THE COMMISSION ERRED WHEN, THERE BEING A
DISPUTE AS TO WHETHER OR NOT THE PURPOSE OF THE ORDER DATED FEBRUARY 14, 1975
HAD BEEN COMPLIED WITH AND WHETHER THERE WAS STILL CONFUSING SIMILARITY BETWEEN
THE CORPORATE NAMES OF RESPONDENTS AND THE NEW NAME OF PETITIONER, IT DID NOT
GRANT PETITIONER’S PRAYER THAT A HEARING BE HELD TO THRESH THE ISSUE.”

The Court finds no merit in the petition.

The order of the public respondent SEC of February 14, 1975 which
has long become final and executory clearly spells
out that petitioner must “take out ARMCO and substitute another word in
lieu thereof in its corporate name by amending the articles of incorporation to
that effect, x x x.”
Far from complying with said order petitioner amended its corporate name into
ARMCO Structures, Inc., and secured its approval by the SEC on March 22, 1976.  That this amendment was made by petitioner
without the knowledge of the proper authorities of the SEC is borne by the fact
that thereafter on January 6, 1977
an order was issued by the SEC requiring petitioner, its board of directors,
and officers to comply with the order of the Commission of February 14, 1975.  When the attention of the SEC was called by
petitioner that the change of corporate name had been undertaken by it to ARMCO
Structures, Inc. and asked that it be considered as a substantial compliance
with the order of February 14, 1975, the SEC in its order of January 17, 1979
speaking through its hearing officer Antonio R. Manabat
ruled as follows:

“The Order of February
14, 1975, cannot but be clearer than what it purports to require or
demand from respondent.  Under in no
distinct terms, it enjoins the removal or deletion of
the word ‘Armco’ from respondent’s corporate
name, which was not so complied with. 
The Commission, therefore, cannot give its imprimatur to the new
corporate name because there was no compliance at all.

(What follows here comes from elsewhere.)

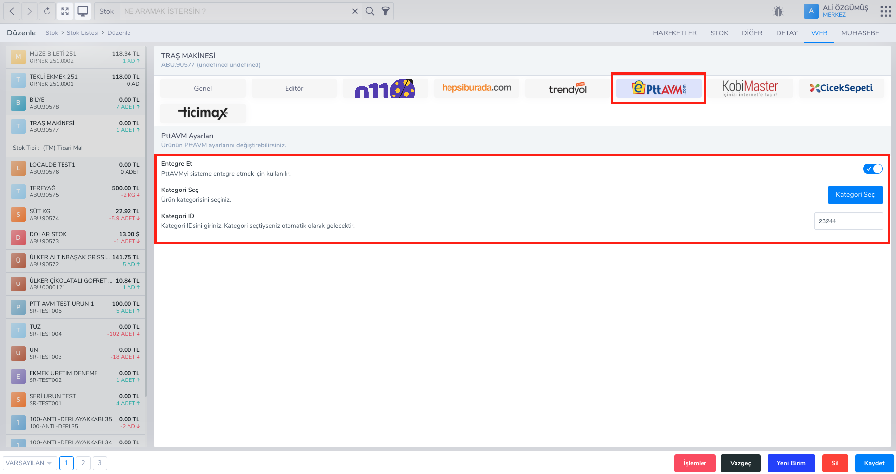 2.  Üst kısımdaki tablardan Web -> pttAvm tabına tıklayınız. Buradan kategori seç‘e tıklayarak ürünün kategorisini belirleyip kaydet butonuna tıklayınız. Eğer göndereceğiniz ürün pttAvm’de halihazırda açılmış ve satışta ise mutlaka barcode değerleri girilmelidir.

The fact that the Securities and Exchange Commission issued its
certificate of filing of amended articles of incorporation on March 22, 1976, is nothing but an
illusory approval of the change of corporate name and a self-induced protection
from the Commission to further exact compliance of the Order of February 14, 1975.  Craftily, the Securities and Exchange
Commission and/or its administrative personnel were made to issue such
certificate during its unguarded moment. 
Verily, the certificate could not have been issued were it not for such
lapses or had respondent been in good faith by making the proper disclosures of
the circumstances which led it to amend its articles of incorporation.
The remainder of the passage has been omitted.